» What to work on
Although the data below holds other lines too, output only those from the line with "Jennie穿上色彩缤纷的Burberry毛衣,在粉红色的房间里更梦幻了。" up to and including the line with "Ana Rosa no", exactly as they appear.

» Input data
::::
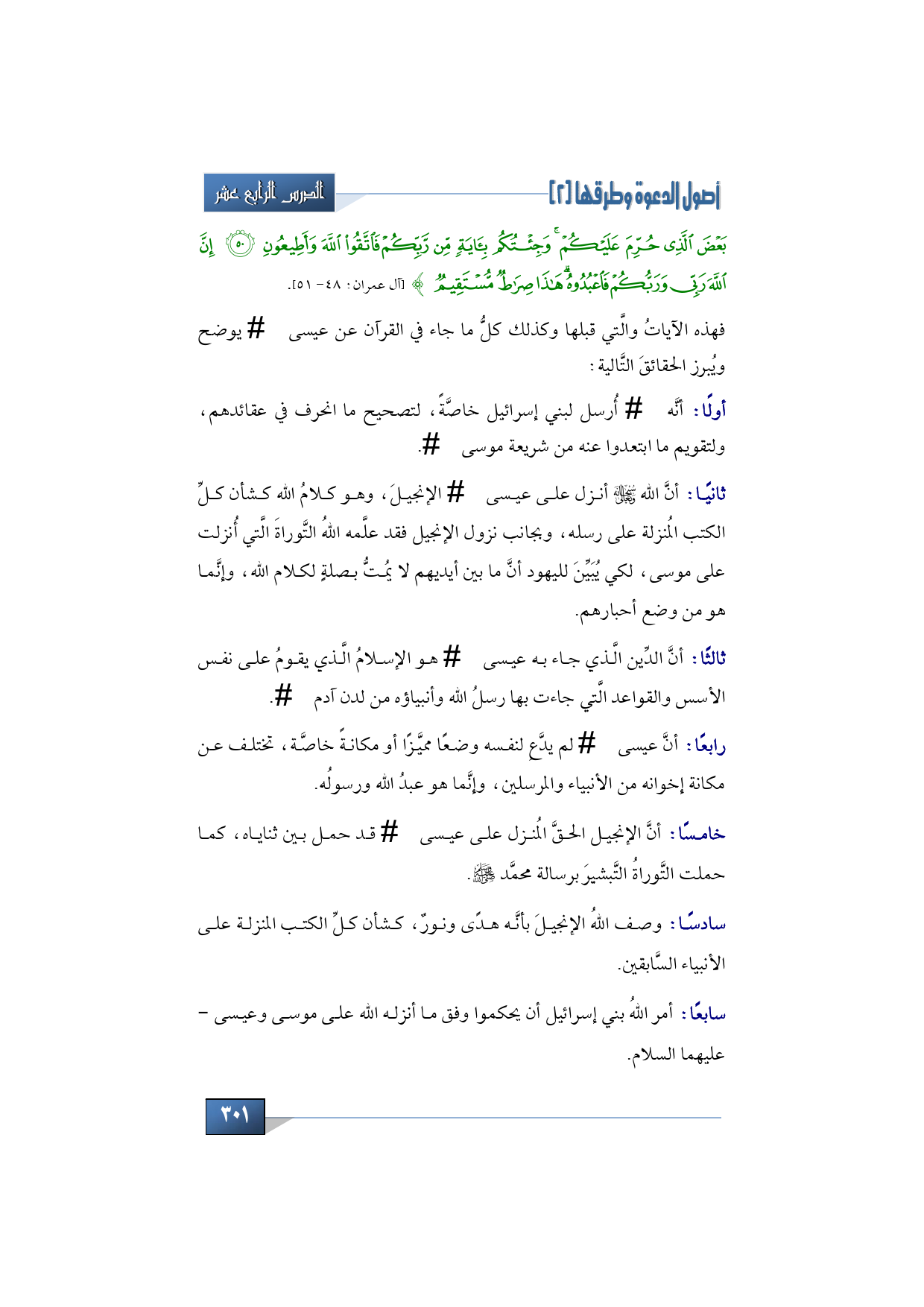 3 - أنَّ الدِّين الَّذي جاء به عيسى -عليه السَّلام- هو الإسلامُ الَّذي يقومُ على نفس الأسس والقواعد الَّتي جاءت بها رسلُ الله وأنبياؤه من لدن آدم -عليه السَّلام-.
::::
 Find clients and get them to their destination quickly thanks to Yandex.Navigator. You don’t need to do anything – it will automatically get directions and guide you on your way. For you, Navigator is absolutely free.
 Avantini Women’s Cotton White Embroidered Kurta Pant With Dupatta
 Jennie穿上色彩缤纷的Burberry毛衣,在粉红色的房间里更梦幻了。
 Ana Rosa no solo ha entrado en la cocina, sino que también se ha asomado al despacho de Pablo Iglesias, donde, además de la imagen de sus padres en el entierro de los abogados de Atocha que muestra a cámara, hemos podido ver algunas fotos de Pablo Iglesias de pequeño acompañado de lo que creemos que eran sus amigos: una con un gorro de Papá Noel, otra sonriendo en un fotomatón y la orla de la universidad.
::::
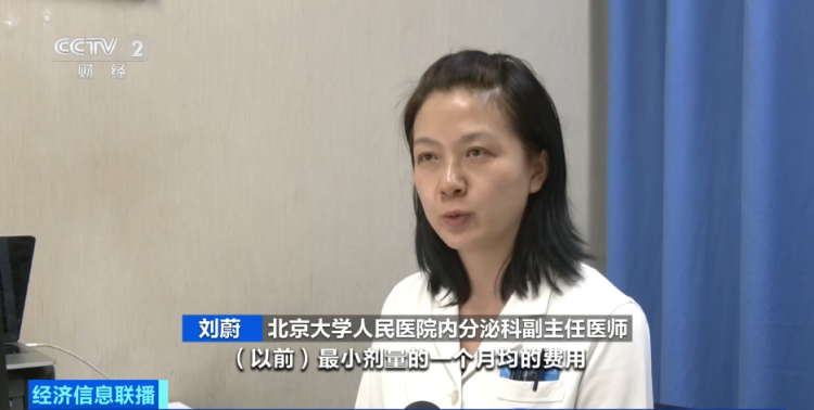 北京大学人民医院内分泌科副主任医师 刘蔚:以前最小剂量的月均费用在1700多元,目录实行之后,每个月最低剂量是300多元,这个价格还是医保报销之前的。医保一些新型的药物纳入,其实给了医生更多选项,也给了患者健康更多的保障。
::::
» Result for this exercise
 Jennie穿上色彩缤纷的Burberry毛衣,在粉红色的房间里更梦幻了。
 Ana Rosa no solo ha entrado en la cocina, sino que también se ha asomado al despacho de Pablo Iglesias, donde, además de la imagen de sus padres en el entierro de los abogados de Atocha que muestra a cámara, hemos podido ver algunas fotos de Pablo Iglesias de pequeño acompañado de lo que creemos que eran sus amigos: una con un gorro de Papá Noel, otra sonriendo en un fotomatón y la orla de la universidad.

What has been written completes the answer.